簡體及繁體中文撮要由亞洲創傷心理研究學會翻譯

zh

JOTS-19-0406.R2_Larsen_cantonese

Traditional Chinese

一項預防住院的創傷後壓力症患者發展的改良長期暴露隨機試驗

摘要

創傷後需要住院治療的人患創傷後壓力症(PTSD)的風險增加;然而, 在這一人群中, 很少有早期行為干預措施能有效預防創傷後壓力症。這項初步研究的目的是評估改良長期暴露療法(mPE)預防DSM-5單次創傷後住院患者的PTSD和抑鬱症狀的可行性和有效性。如果住院病人的創傷後壓力症風險篩查結果為陽性, 則符合條件。參與者(N = 74)在平行組設計中被隨機分配到接受改良長期暴露療法(n = 38)或標準護理治療(SoC;n = 36), 同時在創傷後入院。被隨機納入干預條件的人接受了一次(42.1%)、兩次(36.8%)或三次(15.8%)的改良長期暴露的治療, 主要取決於住院時間。在創傷後1個月或3個月時, 各組之間在創傷後壓力症或抑鬱症嚴重程度方面沒有顯著差異, 只是在1個月後干預組有更多的創傷後壓力症診斷, ϕ = -.326。當我們考慮到基線創傷後壓力症狀和數據中重複測量的非獨立性時, 干預差異不明顯。沒有不良事件的報告。總的來說, 對於住院的、具有高創傷後壓力症風險的創傷倖存者來說, 改良長期暴露療法並不比SoC更有效。這些結果可能表明, 有必要採取階梯式護理方法, 即干預方案首先集中於對積極表現出急性壓力反應的人進行短暫治療, 然後對症狀沒有隨著時間的推移而減輕的個體進行廣泛治療。

Simplified Chinese

一项预防住院的创伤后压力症患者发展的改良长期暴露随机试验

摘要

创伤后需要住院治疗的人患创伤后压力症(PTSD)的风险增加;然而, 在这一人群中, 很少有早期行为干预措施能有效预防创伤后压力症。

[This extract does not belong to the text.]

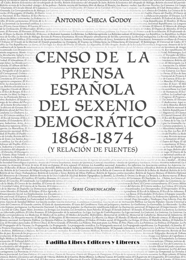 «Censo de la prensa española del sexenio democrático 1868-1874 (y relación de fuentes)» recoge todas las publicaciones periódicas que salieron en España durante los turbulentos años (1868-1874), divididas por regiones; incluye también las fuentes en Francia. Además del listado de publicaciones nos añade, a parte de sus características básicas, la hemeroteca en la que se puede encontrar.

这项初步研究的目的是评估改良长期暴露疗法(mPE)预防DSM-5单次创伤后住院患者的PTSD和抑郁症状的可行性和有效性。如果住院病人的创伤后压力症风险筛查结果为阳性, 则符合条件。参与者(N = 74)在平行组设计中被随机分配到接受改良长期暴露疗法(n = 38)或标准护理治疗(SoC;n = 36), 同时在创伤后入院。被随机纳入干预条件的人接受了一次(42.1%)、两次(36.8%)或三次(15.8%)的改良长期暴露的治疗, 主要取决于住院时间。在创伤后1个月或3个月时, 各组之间在创伤后压力症或抑郁症严重程度方面没有显著差异, 只是在1个月后干预组有更多的创伤后压力症诊断, ϕ = -.326。当我们考虑到基线创伤后压力症状和数据中重复测量的非独立性时, 干预差异不明显。没有不良事件的报告。总的来说, 对于住院的、具有高创伤后压力症风险的创伤幸存者来说, 改良长期暴露疗法并不比SoC更有效。这些结果可能表明, 有必要采取阶梯式护理方法, 即干预方案首先集中于对积极表现出急性压力反应的人进行短暂治疗, 然后对症状没有随着时间的推移而减轻的个体进行广泛治疗。